For the past month a court case connected to Formula One has been raging in London's High Court. The details at the heart of it are incredibly complex but, in a nutshell, it revolves around the value of F1.
German media rights firm Constantin Medien claims that Bernie Ecclestone and his Bambino family trust conspired with German banker Gerhard Gribkowsky to undervalue the sport when it was bought by current owner, the private equity firm CVC for £1.2bn ($2bn) in 2005. Given that the case concerns events which took place more than five years ago it is little surprise that much of the news which has come out of the trial has had little relevance to the world we live in today. One big exception is revealed in an article in today's Independent written by Pitpass' business editor Christian Sylt.
Last week saw the final factual witness in the trial. These are people who had a direct involvement with the events in the trial compared to expert witnesses, who are simply specialists in the subject under discussion (which, in this case is company valuation).
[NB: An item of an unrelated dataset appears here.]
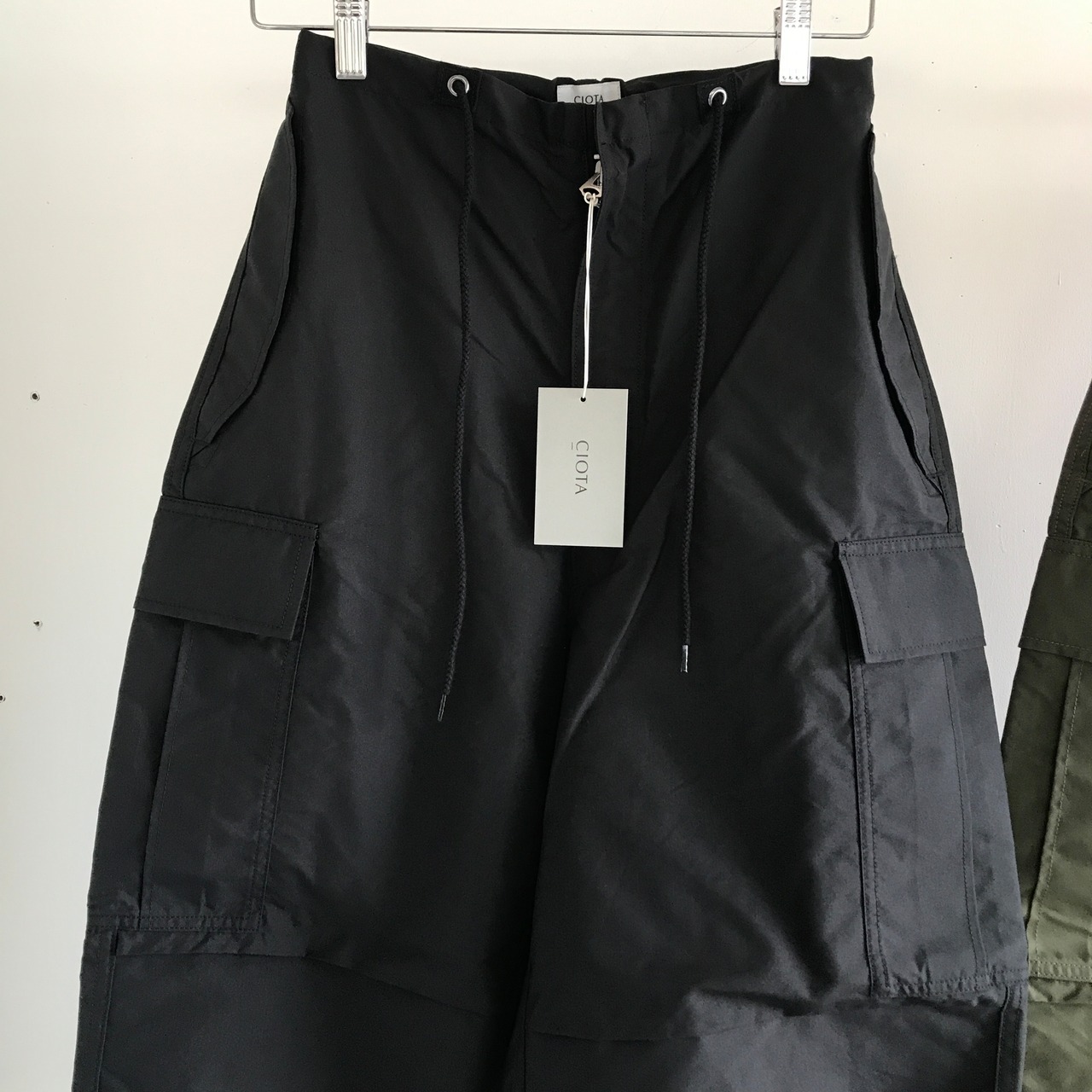 ワイドな極太シルエットでウエストと裾のドローコードを絞って色々なシルエットが可能なアイテム。

The last factual witness was Donald Mackenzie, the co-founder and co-chairman of CVC, and his testimony generated a lot of column inches. Most of them focussed on two issues which are typified by the following headlines: 'Court case put a brake on F1 float' and 'CVC would fire F1 boss Ecclestone if found guilty'. It's easy to see why these kind of subjects caught the attention of journalists who don't specialise in writing about the business of F1. They are easy to understand and make for nice headlines although, of course, there is nothing new about them whatsoever.
In May this year Ecclestone himself told Bloomberg that the lawsuits put a brake on the F1 float and said "it would be silly to go into the market, you don't want any single question" hanging over the sport. Likewise, at the end of last year Ecclestone told Sylt that if he is found guilty of paying a bribe CVC "will probably be forced to get rid of me."
Having seen the insipid headlines which were generated by Mackenzie's evidence in court Sylt decided to go through the transcript of the testimony with a fine tooth comb. As he specialises in writing about the business of F1 he wasn't looking for news which would look eye-catching on the sports pages but deeper issues underpinning the industry. He soon found something which ticked both boxes and it is hard to imagine how those journalists sitting in court managed to miss it.
Alarm bells should have started ringing when Mackenzie said that the Royal Bank of Scotland (RBS) and Lehman Brothers were "extremely careless" to lend £1.6bn ($2.7bn) to F1 in 2006. In itself it is surprising that Mackenzie made such a critical comment about the banks as they had lent a great deal of money to a company which he had bought. However, he didn't stop there and what followed was even more remarkable.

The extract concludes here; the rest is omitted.